Step 4: Find the Function That Makes the Call
curl -s '...index-HASH.js' \ | sed 's/;/;\n/g' \ | grep 'YOUR_RESOURCE_NAME'
Breaking on semicolons turns minified code into readable lines. Reveals HTTP method, param names, construction pattern.
Step 5: Extract Parameter Names
curl -s '...index-HASH.js' \ | sed 's/,/,\n/g' \ | grep -iE 'append|param|query'
CIRIS revealed: lastName (required), firstName, ageMin, ageMax, commitmentCounties, $limit, $skip, $sort[field]

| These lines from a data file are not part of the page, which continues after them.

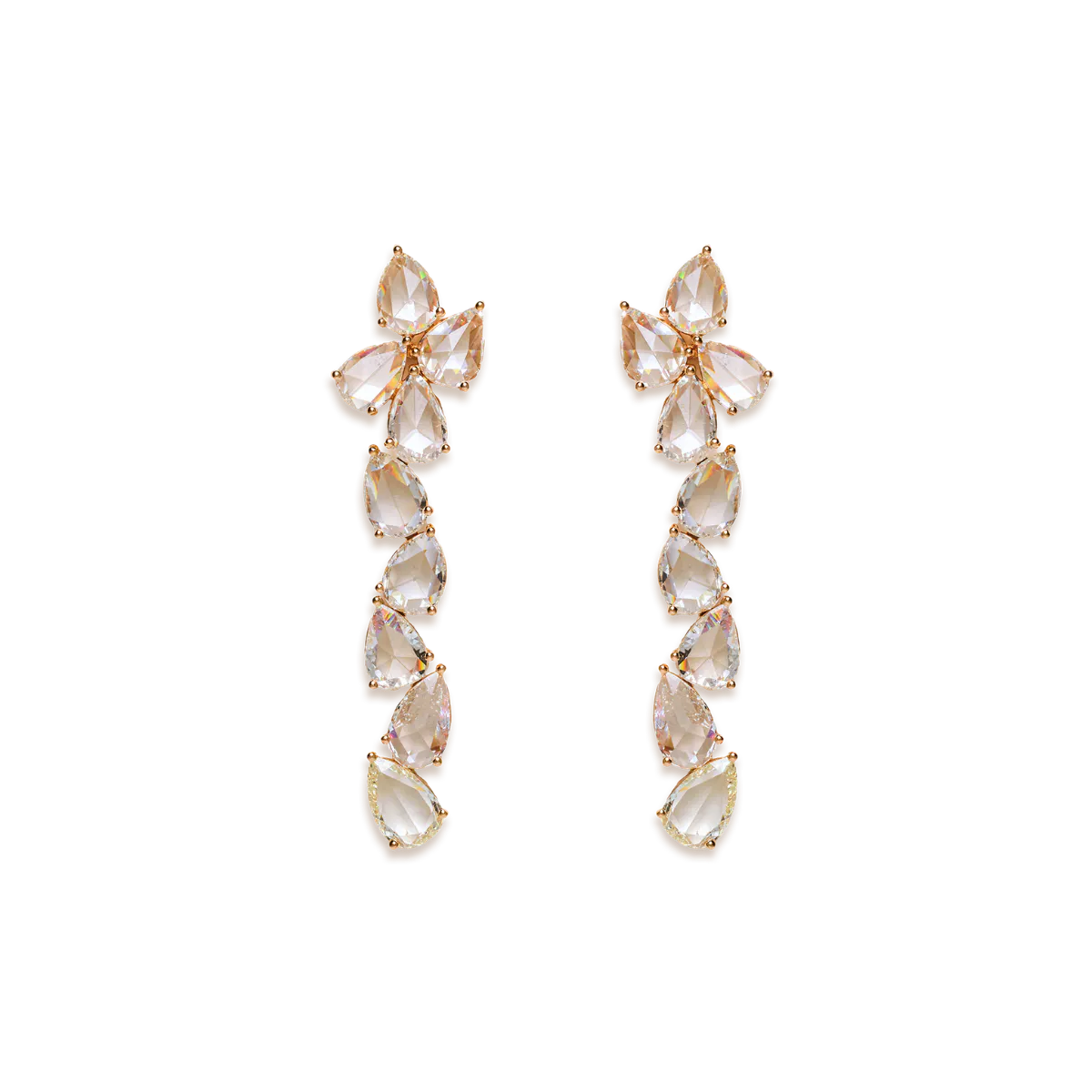 Die „Glacia IV“ Ohrringe sind aus 18 Karat Roségold gefertigt und mit Diamanten im Rosen-Schliff von insgesamt 17,04 Carat besetzt.
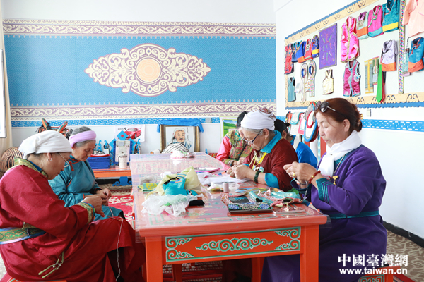 薩仁格日勒(右三)與朋友們縫制民族服飾。(中國(guó)臺(tái)灣網(wǎng) 李寧 攝)
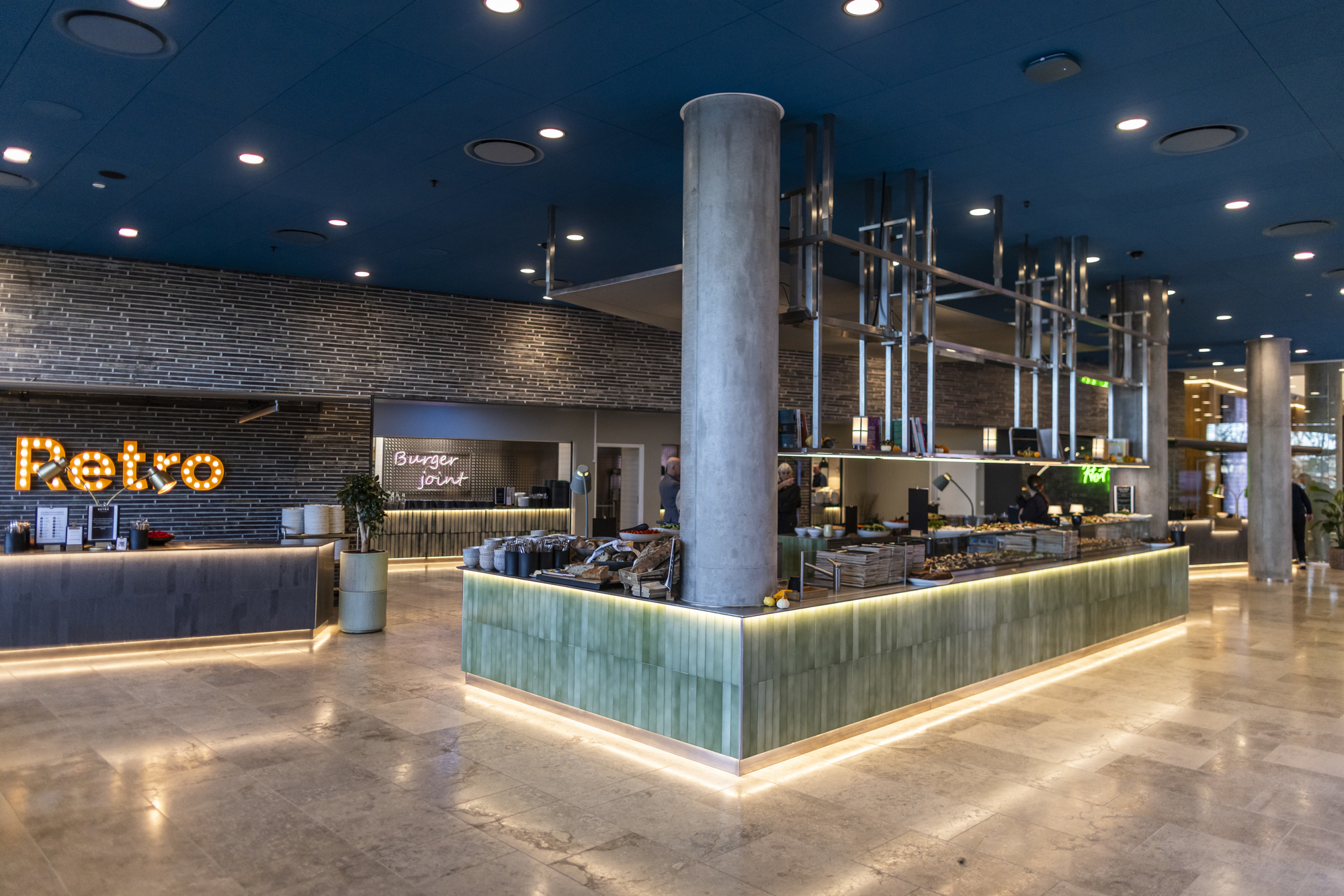 ”Med mere end 1.600 gæster hver dag skal der være noget for enhver smag,” fortæller Vibeke. ”Der er frit valg – fra vegetar til burger og meget derimellem – og flere af boderne har ’stamgæster’. Men der er også rigtig mange, som ugen igennem vælger at variere. For dem – og for det store antal daglige gæster i huset – giver Food Hall-konceptet mange valgmuligheder.”
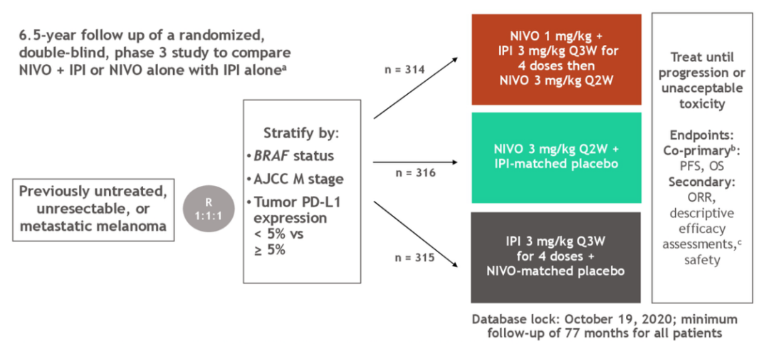 方法:符合入组条件的不可切除III期或IV期初治黑色素瘤患者接受1:1:1随机分配,并按PD-L1状态、BRAF突变状态和转移分期进行分层。患者分别接受 4次NIVO 1 mg/kg + IPI 3 mg/kg, Q3W,之后 NIVO 3 mg/kg Q2W(n = 314)、或NIVO 3 mg/kg Q2W + 安慰剂(n = 316),或 4 次IPI 3 mg/ kg Q3W + 安慰剂(n = 315)治疗,直到疾病进展或出现不可耐受的毒性。研究的共同主要终点是3组的PFS和OS。次要终点包括客观缓解率(ORR)、NIVO + IPI 对照单纯 NIVO 的疗效评估、以及安全性。
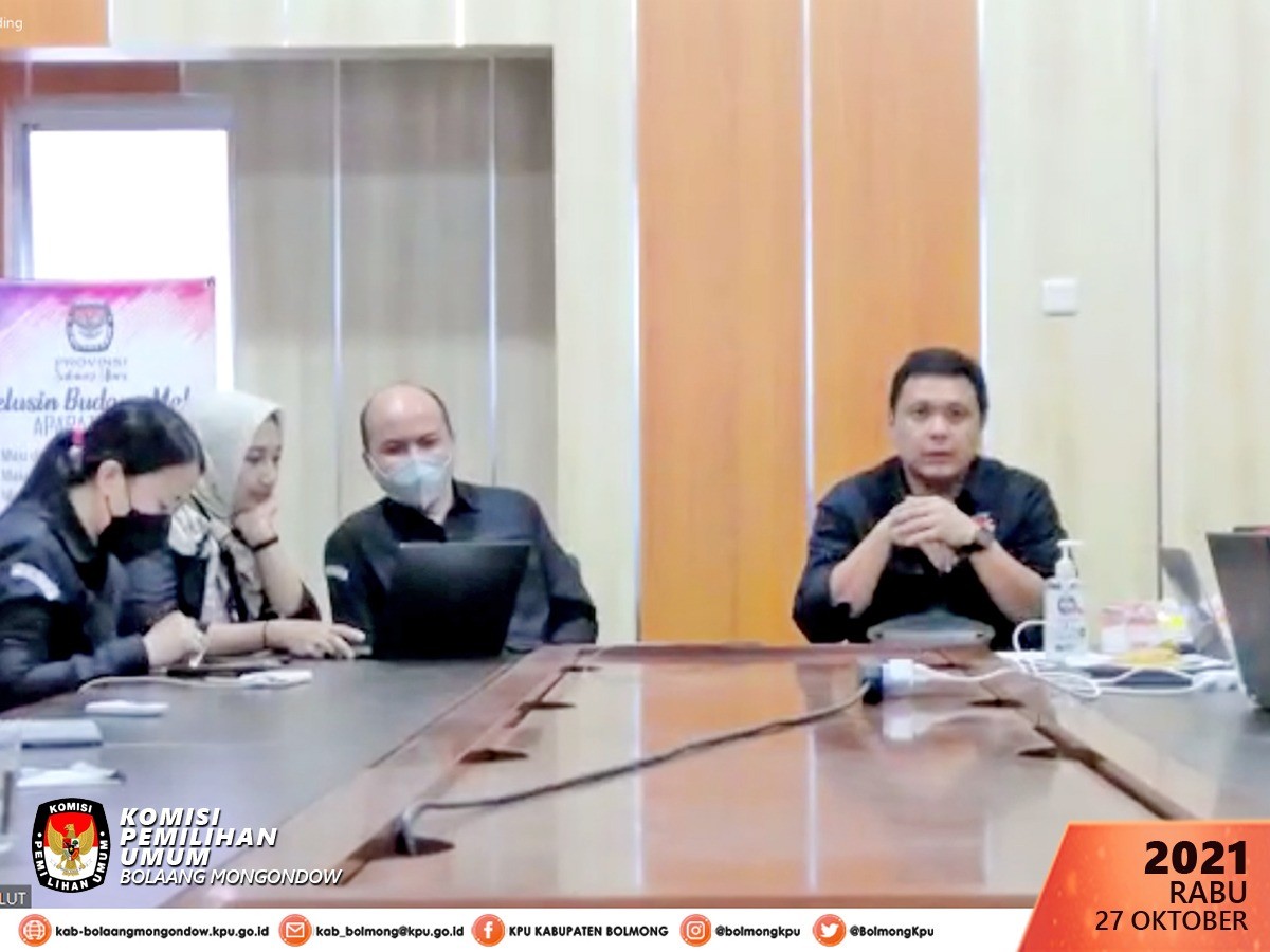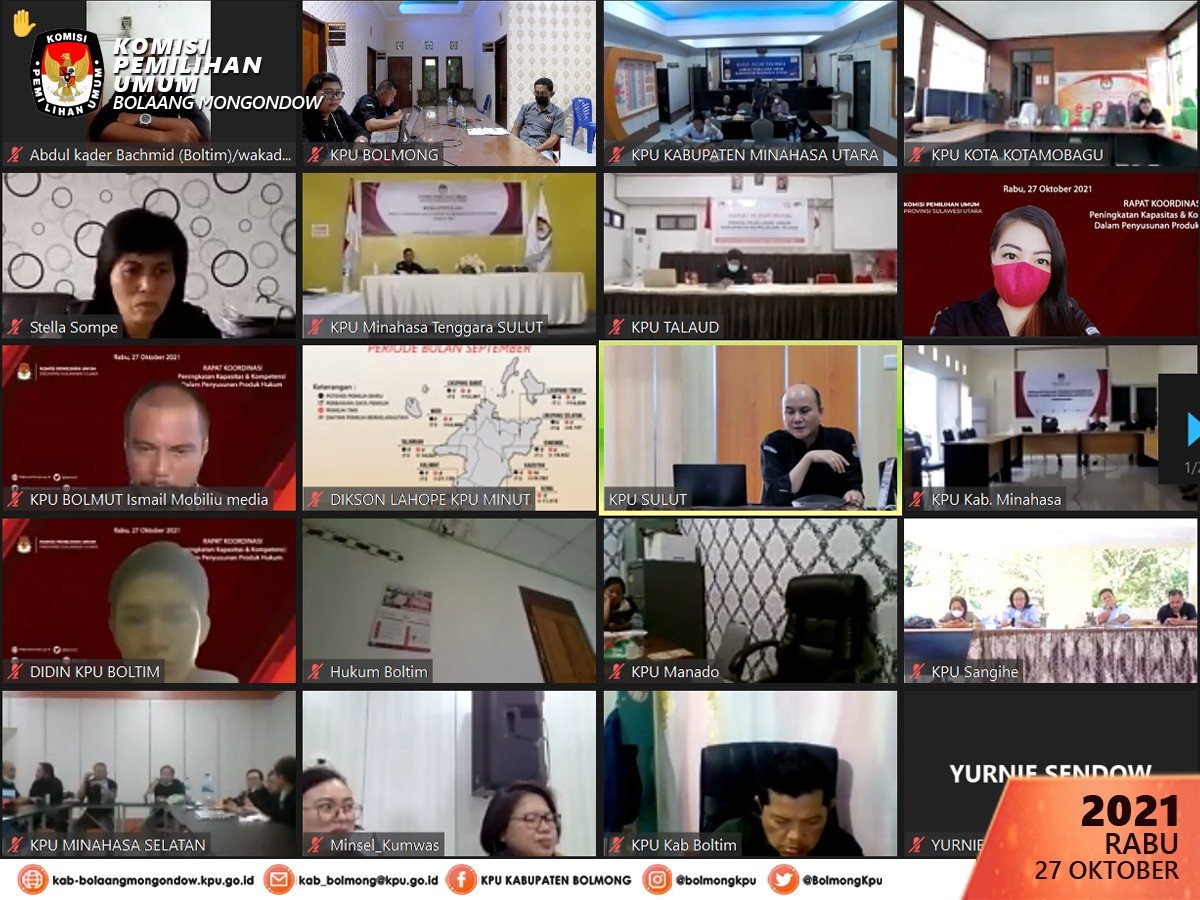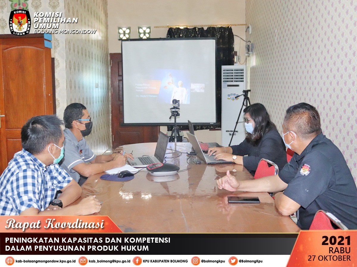 Lolak - Pada hari Rabu (27/10), KPU Kabupaten Bolaang Mongondow mengikuti Rapat Koordinasi Peningkatan Kapasitas dan Kompetensi dalam Penyusunan Produk Hukum yang diselenggarakan oleh KPU Provinsi Sulawesi Utara sesuai dengan Surat Undangan Nomor 395/HK.03/71/2021 yang mengundang Ketua KPU, Anggota KPU (Ketua Divisi Hukum dan Pengawasan serta Wakil Ketua Divisi Hukum dan Pengawasan), Sekretaris, Kepala Subbagian Hukum dan Staf Pelaksana Subbagian Hukum Se-Sulawesi Utara. Dari KPU Kabupaten Bolaang Mongondow diikuti oleh Anggota KPU (Ketua Divisi Hukum dan Pengawasan) Ingga S. Adampe, Anggota KPU (Wakil Ketua Divisi Hukum dan Pengawasan) Afif Zuhri, Sekretaris KPU Meydi Wolah, Kepala Subbagian Hukum Evie Jane Indria, dan Staf Pelaksana Ni Made Desika Putri.
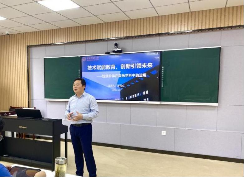 为进一步加快推进信息技术与公司产品融合创新,助力教师熟练应用智慧教学手段和方法,提高教学能力和教学效果,推进“互联网+教学”改革进程,9月28日下午,WilliamHill中文官方网站在智慧教室举办“智慧教学在音乐学科中的运用”的教学专题讲座,由WilliamHill中文官方网站副经理彭传山主讲、副经理徐冉主持,教务处副处长阮建玲参与指导,公司全体教职工及部分研究生到场聆听。
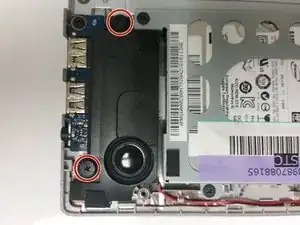 Удалите два винта Phillips #1 длиной 8 мм, удерживающие левый динамик.
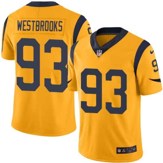 Home>NFL>Los Angeles Rams>Ethan Westbrooks>Youth Nike Los Angeles Rams #93 Ethan Westbrooks Limited Gold Rush Vapor Untouchable NFL Jersey
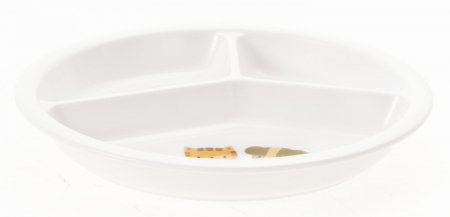 三つ仕切皿(未満児向け)は、すくいやすく、こぼれにくい設計の仕切皿です。立ち上がりがあるので、料理が混ざるのを防ぎます。
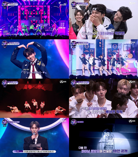 이날 방송에서는 'Switch', 'Say My Name', 'Over Me' 팀의 신곡 무대가 펼쳐졌다. 'Switch' 무대로 스타 크리에이터들을 사로잡은 '꾹꾹이'팀(김태래·나캠든·박한빈·윤종우·장슈아이보·케이타)은 팀원이 다수 변경된 만큼 우여곡절도 겪었지만 끝없는 연습으로 고난을 타개해 갔다. 이들은 오락실을 연상케 하는 세트를 배경으로 5인 각각의 매력이 공존하는 에너제틱한 무대를 꾸며 큰 환호를 받았고, 박한빈이 741점으로 팀 내 1등 연습생으로 꼽혔다.

Step 6: Identify the Framework from Error Responses
curl -s 'https://target/api/v1/wrong' \
-H 'Accept: application/json'
{"name":"NotFound","className":"not-found","code":404}
That error shape = Feathers.js.
| ERROR SHAPE | FRAMEWORK |
|---|---|
| className, code, name | Feathers.js |
| $limit, $skip, $sort | Feathers.js |
| /api/v2/ + filter[field] | JSON:API (Rails) |
| GraphQL POST body | Apollo / GraphQL |
| _page, _limit | json-server |
| offset, limit | Django REST / FastAPI |
| pageToken / nextPageToken | Google-style APIs |
Step 7: Make the Call
curl -s 'https://ciris.mt.cdcr.ca.gov/api/ciris/v1/ incarceratedpersons?lastName=Smith &%24limit=25&%24sort%5BfullName%5D=1' \ -H 'Accept: application/json' \ | python3 -m json.tool
Step 8: Parse Results
curl -s 'FULL_URL' -H 'Accept: application/json' \
| python3 -c "
import json, sys
data = json.load(sys.stdin)
print(f'Total: {data[\"total\"]}')
for p in data.get('data', []):
print(f' {p[\"fullName\"]} | {p[\"age\"]}')"
Tips
URL-encode special chars: $ → %24 [ → %5B ] → %5D
Try singular AND plural resource names.
Try lowercase — JS says incarceratedPerson, endpoint is incarceratedpersons.
Check for auth: 401/403 means look in JS for token handling.
Pagination: check total vs returned count — there may be more pages.